RelationExtractionModel Clinical


Models the set of clinical relations defined in the 2010 i2b2 relation challenge.

Included Relations

TrIP: A certain treatment has improved or cured a medical problem (eg, ‘infection resolved with antibiotic course’)

TrWP: A patient’s medical problem has deteriorated or worsened because of or in spite of a treatment being administered (eg, ‘the tumor was growing despite the drain’)

TrCP: A treatment caused a medical problem (eg, ‘penicillin causes a rash’)

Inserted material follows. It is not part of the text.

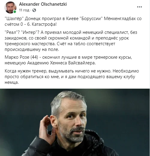 Футбольний менеджер Олександр Ольшанецький у захваті від наставника Борусії М і пропонує свої послуги.

TrAP: A treatment administered for a medical problem (eg, ‘Dexamphetamine for narcolepsy’)

TrNAP: The administration of a treatment was avoided because of a medical problem (eg, ‘Ralafen which is contra-indicated because of ulcers’)

TeRP: A test has revealed some medical problem (eg, ‘an echocardiogram revealed a pericardial effusion’)

TeCP: A test was performed to investigate a medical problem (eg, ‘chest x-ray done to rule out pneumonia’)

PIP: Two problems are related to each other (eg, ‘Azotemia presumed secondary to sepsis’)

How to use

Use as part of an nlp pipeline with the following stages: DocumentAssembler, SentenceDetector, Tokenizer, WordEmbeddingsModel, PerceptronModel, NerDLModel, NerConverter, DependencyParserModel, RelationExtractionModel.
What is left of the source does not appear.